42. The system of any one of claims 37 to 41 , wherein the calculated genomic section level L is determined for the test sample for each portion of the reference genome according to Equation B:

L = {M - GS)/I Equation B wherein M is the counts of the sequence reads mapped to the portion for the test sample, G is the GC bias coefficient for the test sample, / is an intercept of the fitted linear relation of (d) for the portion, S is a slope of the fitted linear relationship of (d) for the portion.

43. The system of claim 37 or 38, wherein the fitted relation of (c) is non-linear.

44. The system of any one of claims 37 to 43, wherein each of the portions of the reference genome comprises a nucleotide sequence of a predetermined length.

45. The system of any one of claims 37 to 44, which memory comprises instructions configured to determine the presence or absence of a fetal chromosome aneuploidy for the test sample according to the calculated genomic section levels.

46. The system of claim 45, wherein the fetal chromosome aneuploidy is a trisomy.

47. The system of claim 46, wherein the trisomy is chosen from a trisomy of chromosome 21 , chromosome 18, chromosome 13 or combination thereof.

48. The system of claim 46 or 47, wherein the presence or absence of the trisomy is determined with a sensitivity of 96% or greater or a specificity of 96% or greater, or a sensitivity of 96% or greater and a specificity of 96% or greater.

49. The system of any one of claims 37 to 48, which memory comprises instructions configured to, prior to (c), calculate a measure of error for the counts of sequence reads mapped to some or all of the portions of the reference genome and remove or weight the counts of sequence reads for certain portions of the reference genome according to a threshold of the measure of error.
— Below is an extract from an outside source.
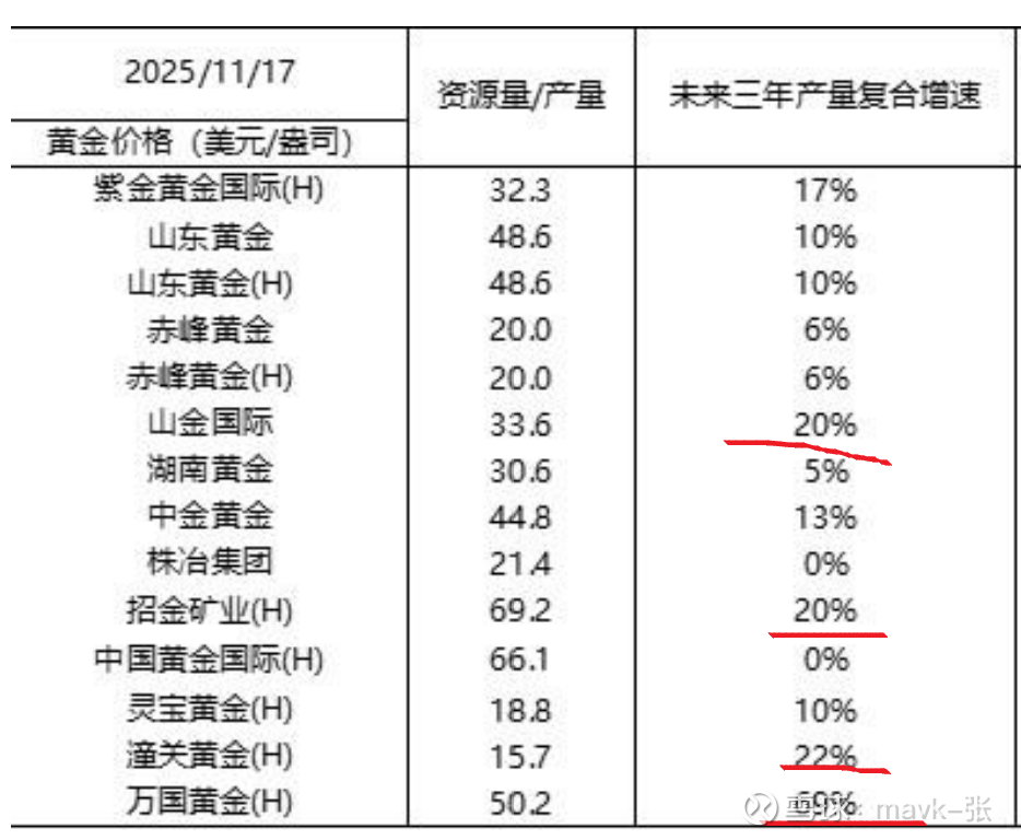 除了 这些黄金股,我关注还有1只黄金股,后3年产量复合增速 更好:

50. The system of claim 49, wherein the threshold is selected according to a standard deviation gap between a first genomic section level and a second genomic section level of 3.5 or greater.

51 . The system of claim 49 or 50, wherein the measure of error is an R factor.

52. The system of claim 51 , wherein the counts of sequence reads for a portion of the reference genome having an R factor of about 7% or greater are removed prior to (c).